SUCCESS IS a team sport, says Ian Curley, executive chef with the European Group and one of Melbourne’s top restaurateurs.
“A lone ranger will never be successful – you always have to rely on someone, so the trick is to employ a good team,” he says.
Curley has clearly done this, since without the right team it’s unlikely he would have been able to open his four restaurants – and have more in the pipeline.
Nor would he have had time last year to host Channel Seven’s highly successful cooking show, Conviction Kitchen.
So what is Curley’s secret recipe for getting the right people on board? “Hire for the company,” he says.
“Some people will have all the skills, but if you don’t think they will fit in with the culture of the workplace, then they are never going to work out.
“The key is to trust your instincts.”
Trusting his instincts was what brought Curley to Australia from his home town of Coventry in the UK, and also what helped him become the person he now is.
Trusting his instincts was also what led Curley to employ a raft of young chefs, apprentices – and even convicted criminals.
Having spent more than six months in a juvenile detention centre himself, back in the UK, Curley says everyone deserves a second chance.
“Thirty years ago I got into trouble with the police,” he recalls. “I was in a gang and we would fights gangs from other suburbs. I ended up getting out of control and punched somebody who was hurt quite badly.
“I did six months in a juvenile detention centre and didn’t like it at all.”
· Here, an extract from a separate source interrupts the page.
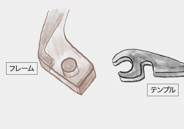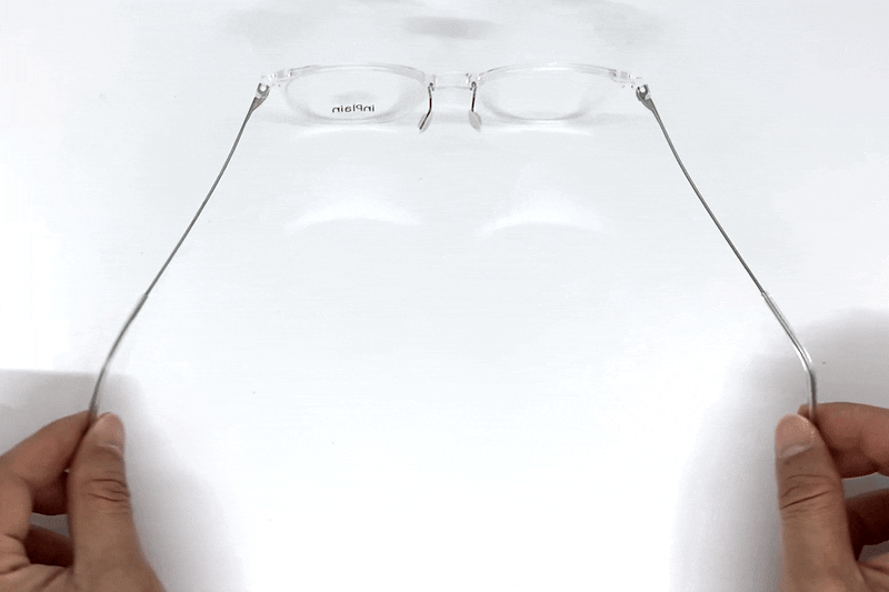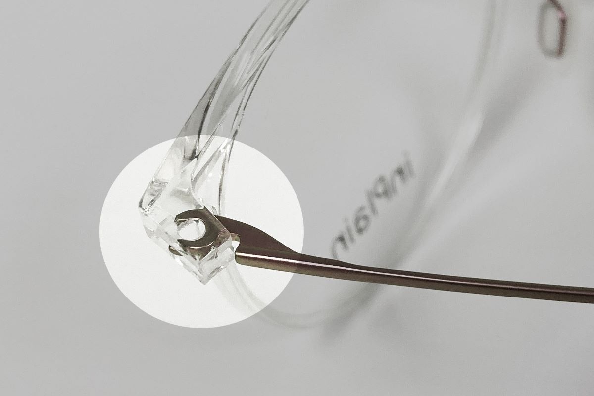 インプレーンはこのスパナー構造でネジなしで接続しスムーズに動きます。そのため、ネジが錆びたり緩んだりする⼼配がなく、外側の衝撃に柔軟性があるため、⻑く変形せずに、しっかりとメガネの品質を維持することができます。

After he came out of the juvenile detention centre, Curley was put on a ‘work for the dole’ scheme and began cooking in the canteen of a former factory that was making tin drums for reggae bands.
“There was a guy in there that said to me, ‘if you want to work, just learn how to cook. You can travel the world’.”
So Curley did just that, and admits he has never been happier. “Luckily, I found I had a real passion for cooking,” he says.
“I also had a real passion for travel, so the job really appealed to me.”
He still does a lot of travelling, but most of it now, however, is within Australia.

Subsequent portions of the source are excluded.